**Required action:** The pictures get left out, but everything else in the listing below must be duplicated exactly.

**Supplied information:**
------------------------------------------------------------------------
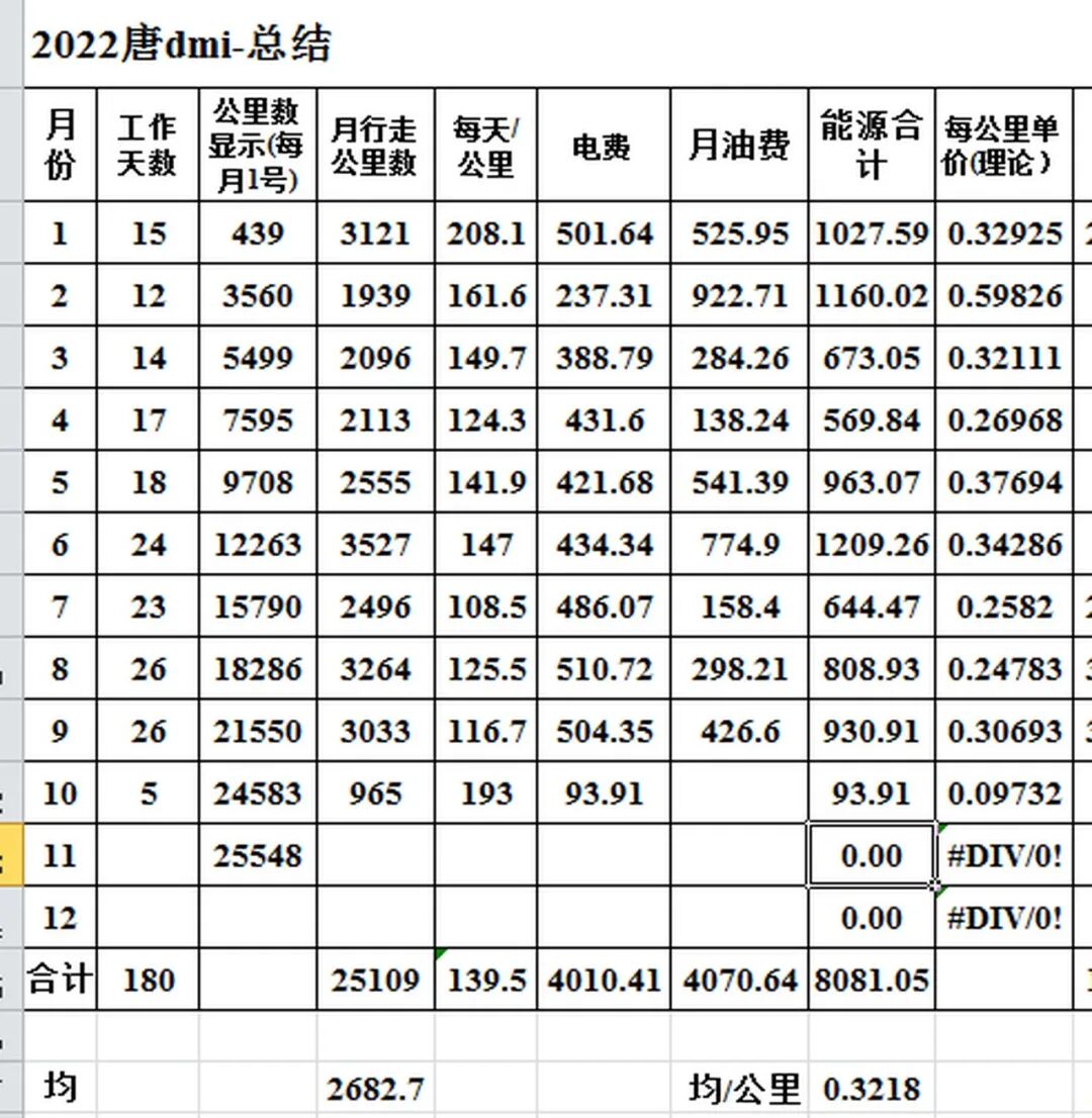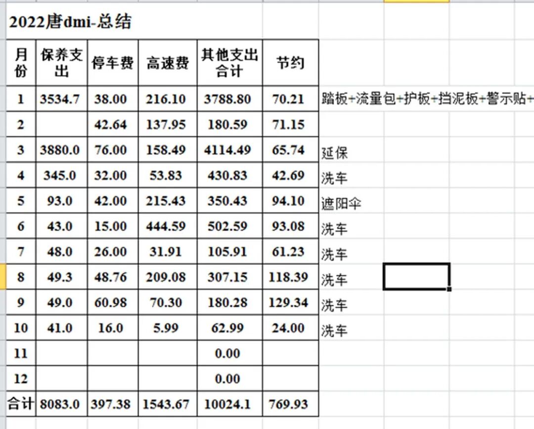 说正题,我从2020年以来,是有一个具体表格来记录用车成本的,以现在2022年主要开唐dmi来说,包括充电、加油、洗车、停车费、延保、车子配件等,关于我车子的每一分钱的花费,我都有记录。
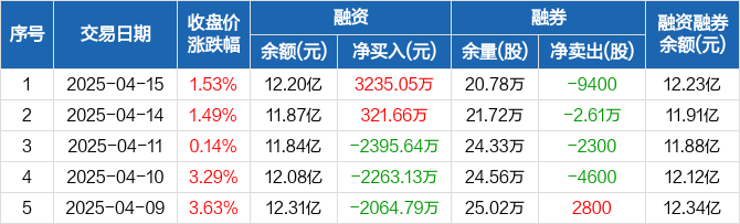 融资方面,当日融资买入9087.51万元,融资偿还5852.46万元,融资净买入3235.05万元。融券方面,融券卖出8500股,融券偿还1.79万股,融券余量20.78万股,融券余额316.27万元。融资融券余额合计12.23亿元。
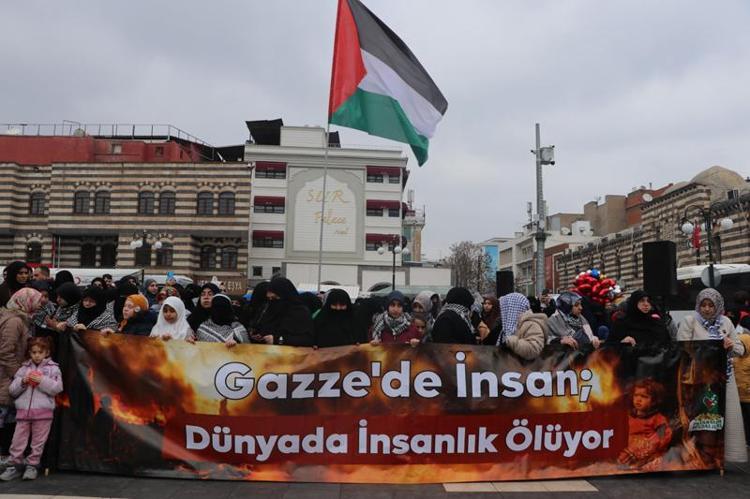 Diyarbakır ve Mardin’de, kılınan cuma namazlarının ardından İsrail’in Filistin’e yönelik saldırıları protesto edildi. Diyarbakır’da Cuma namazı sonrası, tarihi Ulu Cami önünde ‘Ümmetin emaneti Kudüs ve Gazze’ temalı basın açıklaması düzenlendi. Alanda toplananlar, ellerinde Filistin ve Tevhit bayrakları taşıyarak sık sık tekbirler getirdi, İsrail aleyhine sloganlar attı.
------------------------------------------------------------------------
**Result below:**
 说正题,我从2020年以来,是有一个具体表格来记录用车成本的,以现在2022年主要开唐dmi来说,包括充电、加油、洗车、停车费、延保、车子配件等,关于我车子的每一分钱的花费,我都有记录。
 融资方面,当日融资买入9087.51万元,融资偿还5852.46万元,融资净买入3235.05万元。融券方面,融券卖出8500股,融券偿还1.79万股,融券余量20.78万股,融券余额316.27万元。融资融券余额合计12.23亿元。
 Diyarbakır ve Mardin’de, kılınan cuma namazlarının ardından İsrail’in Filistin’e yönelik saldırıları protesto edildi. Diyarbakır’da Cuma namazı sonrası, tarihi Ulu Cami önünde ‘Ümmetin emaneti Kudüs ve Gazze’ temalı basın açıklaması düzenlendi. Alanda toplananlar, ellerinde Filistin ve Tevhit bayrakları taşıyarak sık sık tekbirler getirdi, İsrail aleyhine sloganlar attı.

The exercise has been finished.